Generation of cell lines
For HEK293T cells, we seeded 100,000 cells per well in 24-well plates. After 16–24 hours, cells were transfected at around 60% confluency with 600 ng of PEmax plasmid, 200 ng of epegRNA plasmid, and 60 ng of ngRNA plasmid, following the manufacturer’s instructions for Lipofectamine 3000. Four days post-transfection, we isolated single-cell clones using limiting dilution cloning over two weeks. The selected colonies were expanded further and genotyped via high-throughput sequencing of the targeted locus, and only clones identified as homozygous for the expected edit were kept for subsequent experiments.
Lentiviral production
We transfected HEK293Ts with pMD2.G and delta8.2 packaging plasmids along with the correct lentiviral backbone using Lipofectamine 2000. The sequences for the lentiviral backbones are detailed in Supplementary Table 1. After transfection, the medium was adjusted 24 hours later. Virus-containing supernatants were collected and filtered through a 0.45-μM filter 48 hours post-transfection, and the virus was either used immediately or stored at 4 °C for up to a week.
General high-throughput lentiviral screening protocol
All oligonucleotides for high-throughput screening were sourced from Twist Biosciences as single-stranded pools. These were amplified with Q5 Hot Start High-Fidelity 2X Master Mix, creating double-stranded inserts for isothermal assembly. Specific primers used are noted in each screening section of the Methods. Typically, 11 to 13 PCR cycles were utilized for amplification, and the size of the double-stranded inserts was checked using TapeStation. For each 20-μl reaction designed for cloning into various lentiviral backbones with a 300-bp insert, we combined 50 ng of the respective lentiviral backbone with 10 ng of the relevant double-stranded insert using NEBuilder HiFi DNA Assembly Master Mix. The number of reactions was scaled according to the library’s size, with additional reactions set up for every 1,000 elements. Reactions were incubated at 50 °C for two hours, pooled, and purified via the QIAquick PCR purification kit, with yields typically eluted in a minimum of 20 μl of ddH2O or 2.5 μl per original reaction.
The isothermal assembly reactions were electroporated into NEB 10-beta Electrocompetent Escherichia coli and plated on LB plates to achieve at least 1,000× coverage of each library element. After 14 hours, colonies were scraped and prepared using Qiagen Plasmid Plus kits, and pooled plasmids were subsequently transfected into HEK293Ts alongside lentiviral packaging plasmids. The medium was changed 24 hours post-transfection, and virus-containing supernatants were collected and filtered through a 0.45-μM filter 48 hours later. The cells were then transduced with virus at a multiplicity of infection of 0.3, aiming for at least 1,000× coverage. Two days later, they were passaged with puromycin to enrich transduced cells. For experiments including FACS isolation of GFP-positive cells, we determined coverage by multiplying the percentage of GFP-positive cells with the number of library elements, often sorting at least 50,000 cells for a 500 element library. We pelleted and froze cells on dry ice, and genomic DNA was extracted using QIAamp DNA Micro or Mini kits, depending on the number of isolated cells.
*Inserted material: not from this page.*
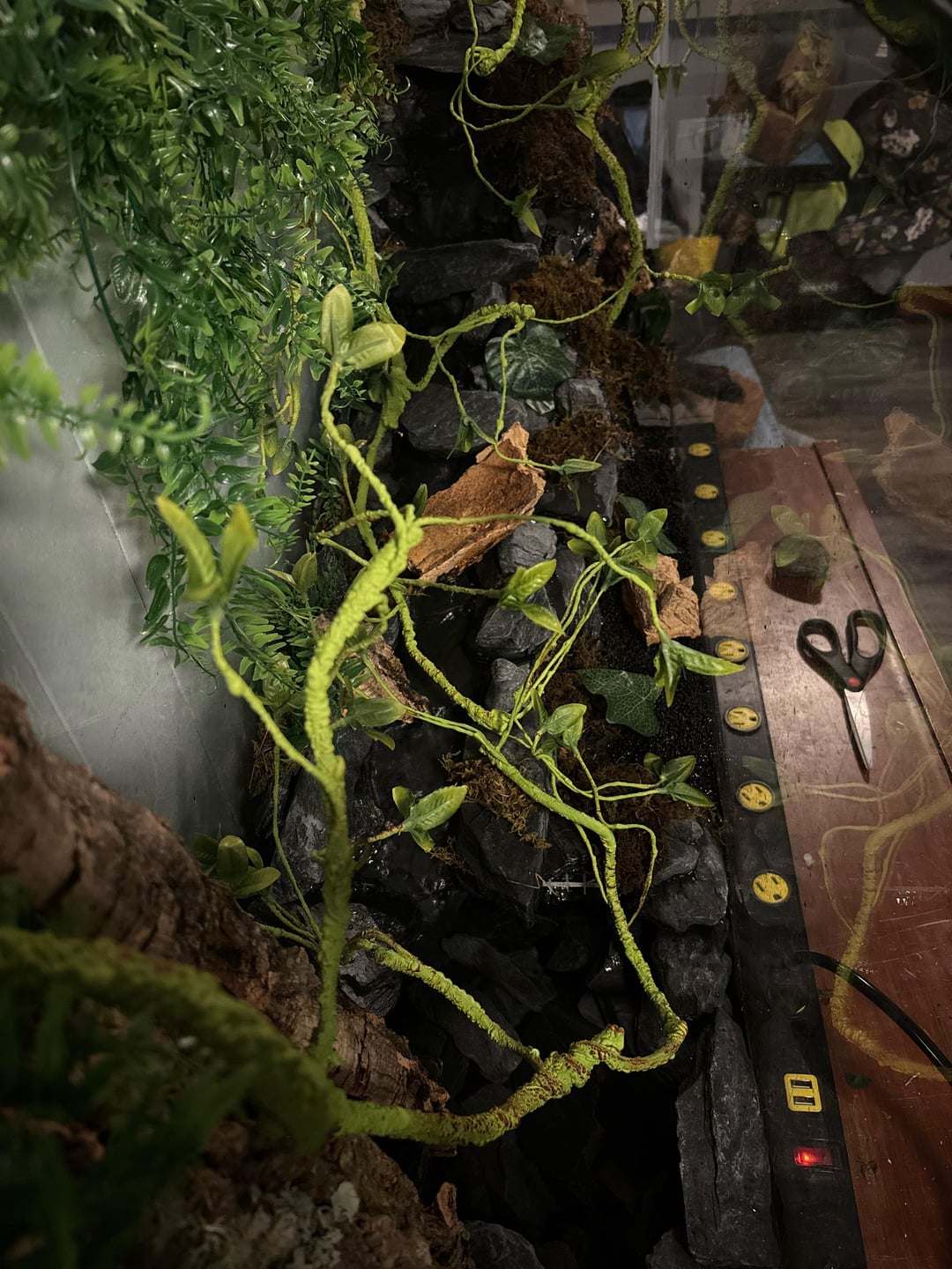 The tank is 100 gallon fish tank with a running river over slate rock into a pool about 3 inches deep. There’s only about 4in by 3 ft of soil to the front of the terrarium.
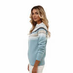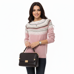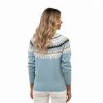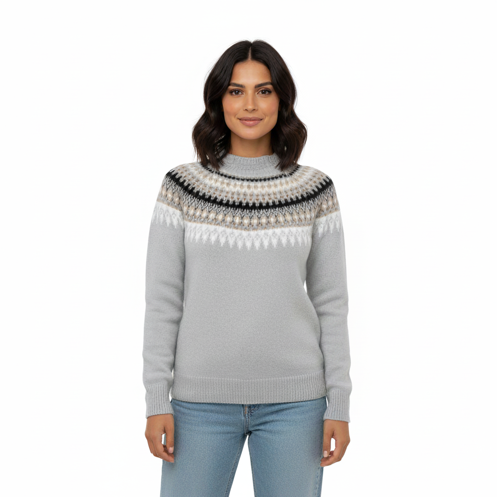 Un pulover moale, feminin, cu model nordic în zona bustului — perfect pentru zile răcoroase, casual sau elegante. Croiala lejeră și detaliile fine îi oferă un aspect modern, ușor de purtat și combinat.

In the initial PCR reactions, all genomic DNA for each biological replicate was utilized, employing Q5 Hot Start High-Fidelity 2X Master Mix to amplify the integrated lentiviral cassette and append sequencing adapters. For each reaction, we processed a maximum of 5 μg of genomic DNA. Primers are indicated within the screening sections and in Supplementary Table 1. Subsequent PCR reactions were purified, and a portion was utilized for a second round of amplification, adding unique sample indices and flow cell adapters to each amplicon. Final reactions underwent bead purification and quality check via TapeStation, with quantification carried out through Qubit before high-throughput sequencing on an Illumina MiSeq, NextSeq, or Element Biosciences AVITI instrument. Specific sequencing conditions and analyses were documented for each screen.
PE2 screening
To convert endogenous tRNAs into sup-tRNAs, we first pinpointed 418 high-confidence tRNA genes and selected two nearby 20-bp spacers featuring an NGG protospacer-adjacent motif surrounding the anticodon. When necessary, we allowed prime editing to target multiple tRNAs with identical mature sequences. We modified PBS lengths from 11 to 14 bp and adjusted RTT homology lengths in the 3′ region beyond the last edited nucleotide from 6 to 10 bp. Three distinct prime editing screens were created, with RTTs replacing the anticodons of endogenous tRNAs with one of three sup-tRNA anticodons (CUA, UCA, or UUA). To boost prime editing efficiency, a structured RNA motif called tevopreQ1 was added at the 3′ end of each pegRNA, resulting in the formation of epegRNAs. Overall, we designed 17,579 epegRNAs aimed at converting endogenous tRNAs to sup-tRNAs for all three aforementioned anticodons. This pool also featured 420 control epegRNAs targeting serine and arginine tRNAs, switching their anticodons for different serine and arginine anticodons that are not anticipated to yield a signal in a readthrough-based screen. A unique barcode sequence was attached after the polyT terminator for each epegRNA to help assign each sequencing read to the proper element. The finalized oligonucleotides were constructed with a common 5′ end for isothermal assembly, a unique epegRNA sequence, a polyT for Pol III termination, an adjustable-length linker, a unique 25-bp barcode, and a common 3′ end for isothermal assembly. Prior to isothermal assembly, oligonucleotides were amplified, followed by sequencing on an Illumina MiSeq with specific primers utilized for read alignment. Analysis compared normalized reads based on sequencing depth, utilizing library representation as a foundational comparison.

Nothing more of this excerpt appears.